__SUPPLIED INFORMATION__
[Start of Attachment]
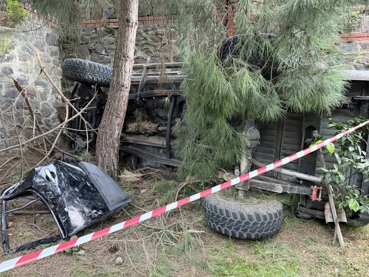 Trabzon'un Ortahisar ilçesinde bir kamyonet kontrolden çıkarak site bahçesine düştü, karı koca 2 kişi yaralandı.
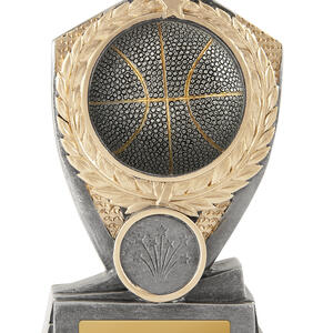Celebrate basketball achievement with a basketball trophy that blends refined style and timeless symbolism. Crafted from durable resin, its shield like design features a circular basketball motif framed by a laurel wreath and accented with a star emblem.
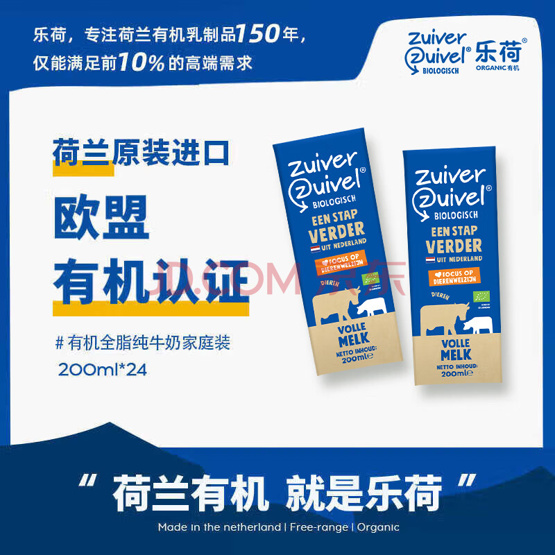 乐荷荷兰进口 有机全脂牛奶200ml*24盒 3.7g优质乳蛋白 三重有机认证
[End of Attachment]
__ABOUT THIS TASK__
Would you please set down the listing above exactly, minus its images?

__ANSWER SECTION__
 Trabzon'un Ortahisar ilçesinde bir kamyonet kontrolden çıkarak site bahçesine düştü, karı koca 2 kişi yaralandı.
Celebrate basketball achievement with a basketball trophy that blends refined style and timeless symbolism. Crafted from durable resin, its shield like design features a circular basketball motif framed by a laurel wreath and accented with a star emblem.
 乐荷荷兰进口 有机全脂牛奶200ml*24盒 3.7g优质乳蛋白 三重有机认证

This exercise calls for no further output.